--- Data shown ---
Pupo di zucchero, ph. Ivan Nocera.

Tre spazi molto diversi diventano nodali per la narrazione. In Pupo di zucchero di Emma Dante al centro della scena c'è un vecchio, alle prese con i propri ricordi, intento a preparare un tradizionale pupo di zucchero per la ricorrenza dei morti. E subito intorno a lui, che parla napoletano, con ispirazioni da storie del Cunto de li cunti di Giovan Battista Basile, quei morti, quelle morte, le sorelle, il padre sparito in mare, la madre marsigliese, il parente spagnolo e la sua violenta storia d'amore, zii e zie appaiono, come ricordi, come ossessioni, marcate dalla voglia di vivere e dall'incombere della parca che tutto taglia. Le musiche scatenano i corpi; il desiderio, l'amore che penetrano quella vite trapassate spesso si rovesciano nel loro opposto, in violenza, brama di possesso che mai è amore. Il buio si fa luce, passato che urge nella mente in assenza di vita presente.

---

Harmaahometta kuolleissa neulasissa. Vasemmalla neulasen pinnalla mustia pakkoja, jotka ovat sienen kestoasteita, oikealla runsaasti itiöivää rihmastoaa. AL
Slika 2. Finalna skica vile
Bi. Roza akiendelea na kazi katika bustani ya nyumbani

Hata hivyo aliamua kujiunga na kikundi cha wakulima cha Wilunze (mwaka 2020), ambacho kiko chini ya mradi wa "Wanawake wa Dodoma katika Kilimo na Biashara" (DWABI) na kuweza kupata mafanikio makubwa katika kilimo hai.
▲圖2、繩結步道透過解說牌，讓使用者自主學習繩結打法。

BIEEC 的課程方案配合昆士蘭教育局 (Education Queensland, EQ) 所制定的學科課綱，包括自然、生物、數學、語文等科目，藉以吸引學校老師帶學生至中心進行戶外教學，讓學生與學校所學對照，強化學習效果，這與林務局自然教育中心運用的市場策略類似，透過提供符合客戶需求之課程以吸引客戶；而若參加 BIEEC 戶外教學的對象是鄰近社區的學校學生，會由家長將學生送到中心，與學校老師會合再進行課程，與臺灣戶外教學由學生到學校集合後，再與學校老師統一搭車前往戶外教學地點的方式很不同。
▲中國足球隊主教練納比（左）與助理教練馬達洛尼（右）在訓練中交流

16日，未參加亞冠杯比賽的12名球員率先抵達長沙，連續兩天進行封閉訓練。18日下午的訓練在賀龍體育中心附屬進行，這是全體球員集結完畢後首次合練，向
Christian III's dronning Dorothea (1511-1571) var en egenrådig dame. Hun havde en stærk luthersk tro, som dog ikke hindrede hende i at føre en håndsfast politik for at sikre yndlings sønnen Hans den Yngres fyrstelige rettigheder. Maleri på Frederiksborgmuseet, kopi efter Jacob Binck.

--- What to produce ---
Leave out every line above except those from the line with "Pupo di zucchero, ph. Ivan Nocera." up to and including the line with "Tre spazi molto", and copy those exactly.

--- Worked solution ---
Pupo di zucchero, ph. Ivan Nocera.

Tre spazi molto diversi diventano nodali per la narrazione. In Pupo di zucchero di Emma Dante al centro della scena c'è un vecchio, alle prese con i propri ricordi, intento a preparare un tradizionale pupo di zucchero per la ricorrenza dei morti. E subito intorno a lui, che parla napoletano, con ispirazioni da storie del Cunto de li cunti di Giovan Battista Basile, quei morti, quelle morte, le sorelle, il padre sparito in mare, la madre marsigliese, il parente spagnolo e la sua violenta storia d'amore, zii e zie appaiono, come ricordi, come ossessioni, marcate dalla voglia di vivere e dall'incombere della parca che tutto taglia. Le musiche scatenano i corpi; il desiderio, l'amore che penetrano quella vite trapassate spesso si rovesciano nel loro opposto, in violenza, brama di possesso che mai è amore. Il buio si fa luce, passato che urge nella mente in assenza di vita presente.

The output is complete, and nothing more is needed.